23/06/2026
Visites domiciliaires : la peur ne nourrit personne...
Le Resto du Cœur de Mouscron exprime son opposition au projet visant à autoriser des visites domiciliaires dans le cadre de l’éloignement de personnes sans titre de séjour.
Nous parlons depuis notre terrain , celui de l’accueil, de l’aide alimentaire, de la dignité et de la confiance.
Chaque semaine, nous rencontrons des personnes fragilisées par la pauvreté, l’isolement, la honte, la précarité administrative ou la peur de se rendre visibles. Certaines personnes ont déjà renoncé à leurs droits. Certaines évitent les institutions. Certaines vivent dans l’angoisse permanente du lendemain.

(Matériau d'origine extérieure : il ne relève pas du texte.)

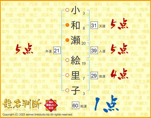小和瀬絵里子さんの人運は39画の5点

Autoriser l’entrée forcée dans un domicile à des fins administratives crée un signal dangereux.
Le domicile est un lieu d’intimité, de sécurité et de protection. Une intervention à domicile touche des familles, des enfants, des proches, des colocataires, des personnes hébergées et des citoyens solidaires. Elle peut produire de la peur, du traumatisme, de l’isolement et une rupture avec les services sociaux, médicaux et associatifs.
A Mouscron, nous savons que la précarité prend de nombreuses formes. Nous savons aussi qu’une personne qui a peur disparaît plus facilement des lieux d’aide. Elle peut renoncer à un colis alimentaire, à un repas, à une permanence sociale, à un soin ou à une information essentielle.
Nous refusons qu’une personne renonce à manger par crainte de se rendre visible.
La précarité administrative ne peut pas devenir une présomption de dangerosité. Les personnes en séjour irrégulier restent des personnes. Les enfants restent des enfants. Les familles restent des familles. Les droits fondamentaux doivent rester effectifs pour toutes et tous.
Le Resto du Cœur de Mouscron demande de renoncer à ce projet et de garantir pleinement l’inviolabilité du domicile, la protection des enfants, la sécurité des hébergeants et la confiance indispensable entre les personnes précarisées et les acteurs de terrain.
La solidarité citoyenne doit être protégée, pas intimidée.